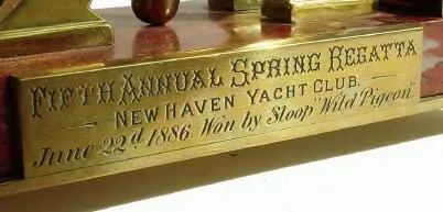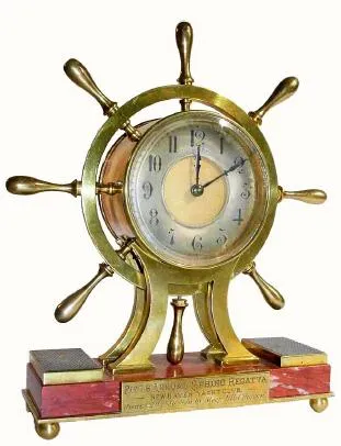 This is a well made 8-day rear wind clock, the brass ship's wheel mounted to a heavy block of red marble with an additional brass base with ball feet. The marble bears an engraved presentation plaque, with the following inscription: Fifth Annual Spring Regatta, New Haven Yacht Club, June 22'd 1886, Won by Sloop "Wild Pigeon". Height 10 inches
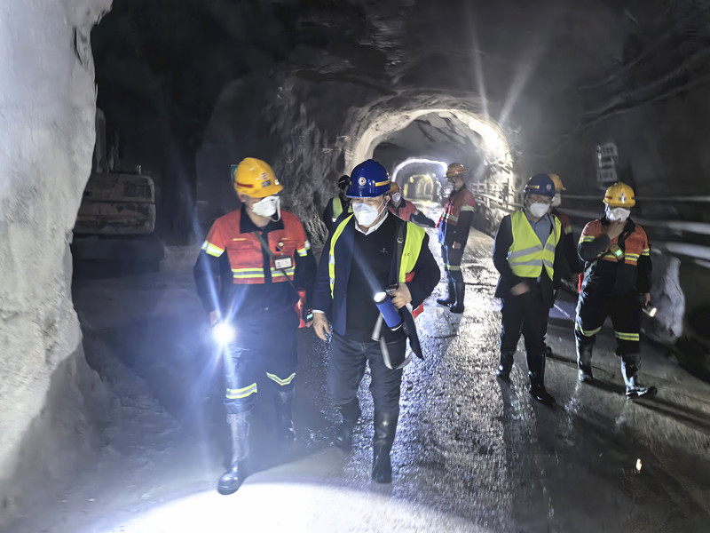 会后,张希望主任深入紫金山金铜矿井下作业面开展实地考察。张希望主任与井下一线操作工及技术人员就目前开采工艺的优缺点进行了深入交流,并深入浅出地阐述了"321"时采时填无尾矿采矿工艺体系,现场人员积极发言,围绕工艺细节与实际工况展开热烈讨论,此次技术交流为未来非煤矿山井工开采碰撞出一种全新工艺的可能。张希望主任秉持“劳动游戏化”理念,致力于通过提升矿山设备的机械化、智能化,实现“让工人有尊严劳动”。这些机械化、智能化的设备与工艺,如同为矿工配备了“隐形铠甲”和“智慧大脑”,让他们不再仅仅是繁重体力的付出者,更成为了先进技术的掌控者和矿山生产的智慧管理者。这种角色的转变,不仅显著提升了劳动效率和生产安全性,更重要的是,它让矿工们在现代化的作业环境中感受到了职业的价值与尊严,激发了他们的工作热情和创新活力,为矿山行业的高质量发展注入了源源不断的人文动力。
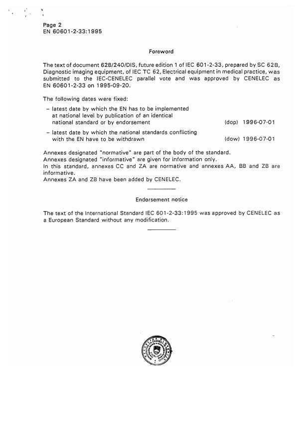EN 60601-2-33:1995 is a standard published by CLC. Its full title is "Medical electrical equipment - Part 2: Particular requirements for the safety of magnetic resonance equipment for medical diagnosis". This standard covers: Establishes requirements for the safety of magnetic resonance equipment to provide protection for the patient, the operator, staff associated with magnetic resonance equipment and the general public. It also provides methods for demonstrating compliance with those requirements.
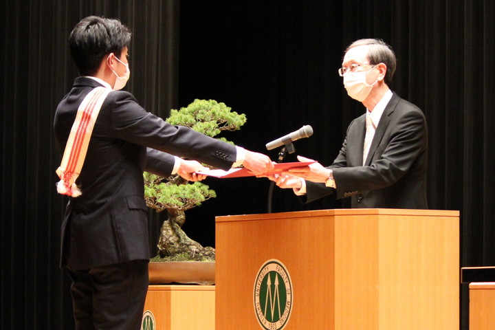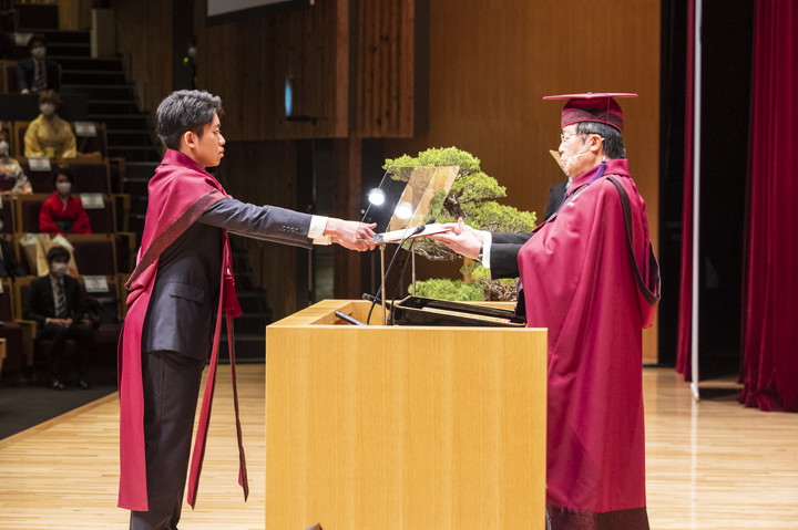 本年度は、新型コロナウイルスの感染が拡大している国内の状況に鑑みて、卒業生・修了生、保護者の皆様が一堂に会しての式典は行わず、出席は各学部の総代12名と大学院総代3名、および事前申し込みによる参加希望者のみに限り、学部の式典は2部制にして開催しました。
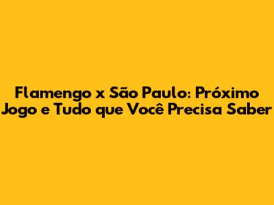 Flamengo X São Paulo: Próximo Jogo E Tudo Que Você Precisa Saber
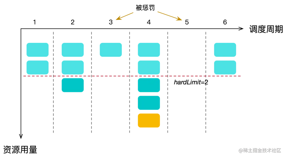 但是在同一时刻可能会有多个这些资源组的任务在执行,所以当发现资源超限时,它们的资源用量可能已经超过很多了。因此,我们添加了惩罚策略来保证在总体上,对于这些资源组的硬隔离:如果在本周期,它们的资源用量在一倍 hard limit 到两倍 hard limit 之间,那么会将它的下一个周期的资源用量初始值赋值为当前用量减去 hard limit ,也就是在下个周期可以使用少量的资源。而如果当前用量在两倍 hard limit 以上,那么会将它下个周期的资源用量初始值赋值为 hard limit ,即下个周期无法调度它们的任务去执行。
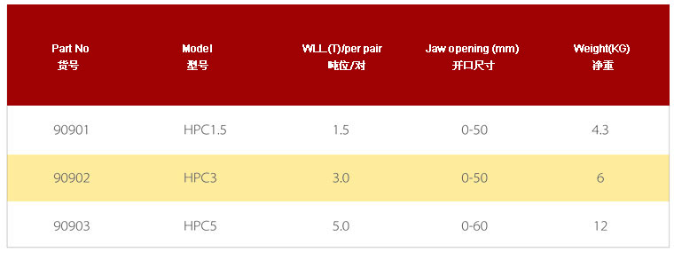 歐威HPC系列橫吊鋼板起重鉗 額定載荷:1.5-5噸.
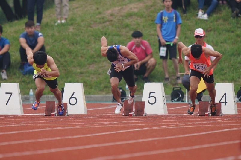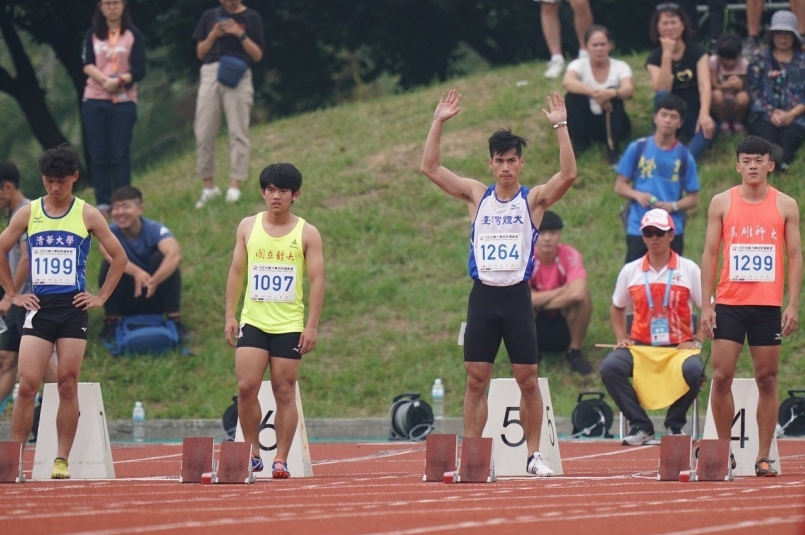 楊俊瀚(中)百公尺起跑犯規。(圖片來源:中正大學)
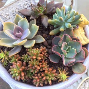 ちょっと見ないうちに、可愛く色付いて ました➰🎶🎵🎶♐️ 左から、ベビーサンローズ 、ダリーダル 大葉丸葉万年草〰〰 ミントベアー君も、嬉しそう💚
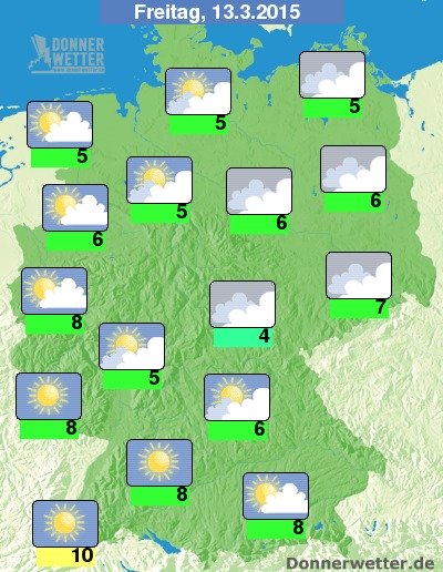 Heute ist es im Norden, Osten und der Mitte Deutschlands bereits meist stark bewölkt, dazu ist es aber zumeist trocken. Weiter nach Süden und Westen ist es vor allem am Vormittag noch häufig heiter bis sonnig. Im Tagesverlauf nehmen die Wolkenanteile aber auch hier häufig zu, dabei bleibt es aber trocken. Die Temperatur steigt auf 4 Grad im Thüringer Becken und bis 10 Grad im Oberrheingraben.
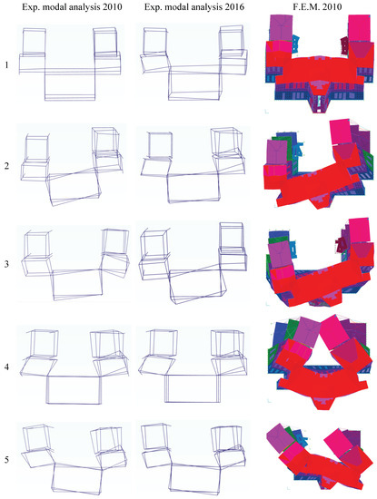 The results obtained in terms of natural frequencies are reported in Table 1 in the corresponding column. For FEM2016, the error is generally very small, between 0.3 and 1.7%. Only for the second mode is the error 4.2%; in this case, the mean error is 1.22%, greater than the 0.62% mean error obtained with FEM2010. The modal shapes obtained with model FEM2016 are not reported, because they are very similar to those of FEM2010 in Figure 5.
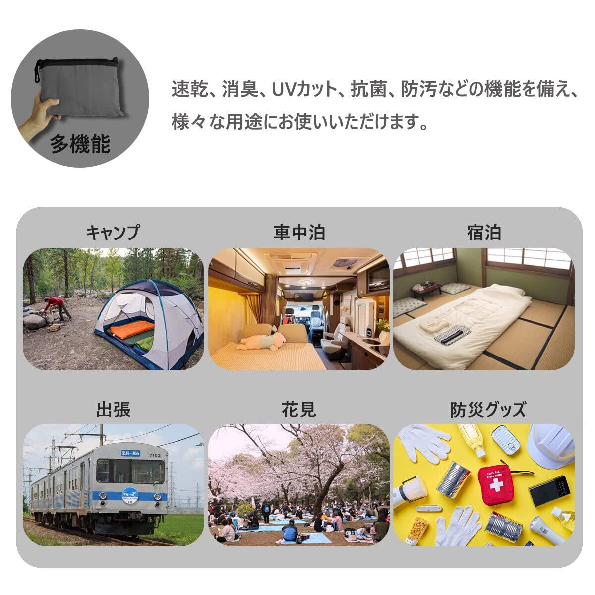 多機能性が高い:アウトドアやキャンプ、外泊、ホテル泊、車中泊、⼭⼩屋泊、お昼寝用、出張、旅行などに必須のグッズとして、速乾性、防臭性、UVカット、抗菌防汚加工などが施されているので、多機能性に使用可能です。また、もしもの災害時に防災グッズとしても使用可能です。

◆ ◆ ◆ ◆

[EXERCISE REQUIREMENTS]
Please retype the data exactly, but do not carry over any picture.

[RESULT OF THE TASK]
 This is a well made 8-day rear wind clock, the brass ship's wheel mounted to a heavy block of red marble with an additional brass base with ball feet. The marble bears an engraved presentation plaque, with the following inscription: Fifth Annual Spring Regatta, New Haven Yacht Club, June 22'd 1886, Won by Sloop "Wild Pigeon". Height 10 inches
 会后,张希望主任深入紫金山金铜矿井下作业面开展实地考察。张希望主任与井下一线操作工及技术人员就目前开采工艺的优缺点进行了深入交流,并深入浅出地阐述了"321"时采时填无尾矿采矿工艺体系,现场人员积极发言,围绕工艺细节与实际工况展开热烈讨论,此次技术交流为未来非煤矿山井工开采碰撞出一种全新工艺的可能。张希望主任秉持“劳动游戏化”理念,致力于通过提升矿山设备的机械化、智能化,实现“让工人有尊严劳动”。这些机械化、智能化的设备与工艺,如同为矿工配备了“隐形铠甲”和“智慧大脑”,让他们不再仅仅是繁重体力的付出者,更成为了先进技术的掌控者和矿山生产的智慧管理者。这种角色的转变,不仅显著提升了劳动效率和生产安全性,更重要的是,它让矿工们在现代化的作业环境中感受到了职业的价值与尊严,激发了他们的工作热情和创新活力,为矿山行业的高质量发展注入了源源不断的人文动力。
EN 60601-2-33:1995 is a standard published by CLC. Its full title is "Medical electrical equipment - Part 2: Particular requirements for the safety of magnetic resonance equipment for medical diagnosis". This standard covers: Establishes requirements for the safety of magnetic resonance equipment to provide protection for the patient, the operator, staff associated with magnetic resonance equipment and the general public. It also provides methods for demonstrating compliance with those requirements.
 本年度は、新型コロナウイルスの感染が拡大している国内の状況に鑑みて、卒業生・修了生、保護者の皆様が一堂に会しての式典は行わず、出席は各学部の総代12名と大学院総代3名、および事前申し込みによる参加希望者のみに限り、学部の式典は2部制にして開催しました。
 Flamengo X São Paulo: Próximo Jogo E Tudo Que Você Precisa Saber
 但是在同一时刻可能会有多个这些资源组的任务在执行,所以当发现资源超限时,它们的资源用量可能已经超过很多了。因此,我们添加了惩罚策略来保证在总体上,对于这些资源组的硬隔离:如果在本周期,它们的资源用量在一倍 hard limit 到两倍 hard limit 之间,那么会将它的下一个周期的资源用量初始值赋值为当前用量减去 hard limit ,也就是在下个周期可以使用少量的资源。而如果当前用量在两倍 hard limit 以上,那么会将它下个周期的资源用量初始值赋值为 hard limit ,即下个周期无法调度它们的任务去执行。
 歐威HPC系列橫吊鋼板起重鉗 額定載荷:1.5-5噸.
 楊俊瀚(中)百公尺起跑犯規。(圖片來源:中正大學)
 ちょっと見ないうちに、可愛く色付いて ました➰🎶🎵🎶♐️ 左から、ベビーサンローズ 、ダリーダル 大葉丸葉万年草〰〰 ミントベアー君も、嬉しそう💚
 Heute ist es im Norden, Osten und der Mitte Deutschlands bereits meist stark bewölkt, dazu ist es aber zumeist trocken. Weiter nach Süden und Westen ist es vor allem am Vormittag noch häufig heiter bis sonnig. Im Tagesverlauf nehmen die Wolkenanteile aber auch hier häufig zu, dabei bleibt es aber trocken. Die Temperatur steigt auf 4 Grad im Thüringer Becken und bis 10 Grad im Oberrheingraben.
 The results obtained in terms of natural frequencies are reported in Table 1 in the corresponding column. For FEM2016, the error is generally very small, between 0.3 and 1.7%. Only for the second mode is the error 4.2%; in this case, the mean error is 1.22%, greater than the 0.62% mean error obtained with FEM2010. The modal shapes obtained with model FEM2016 are not reported, because they are very similar to those of FEM2010 in Figure 5.
 多機能性が高い:アウトドアやキャンプ、外泊、ホテル泊、車中泊、⼭⼩屋泊、お昼寝用、出張、旅行などに必須のグッズとして、速乾性、防臭性、UVカット、抗菌防汚加工などが施されているので、多機能性に使用可能です。また、もしもの災害時に防災グッズとしても使用可能です。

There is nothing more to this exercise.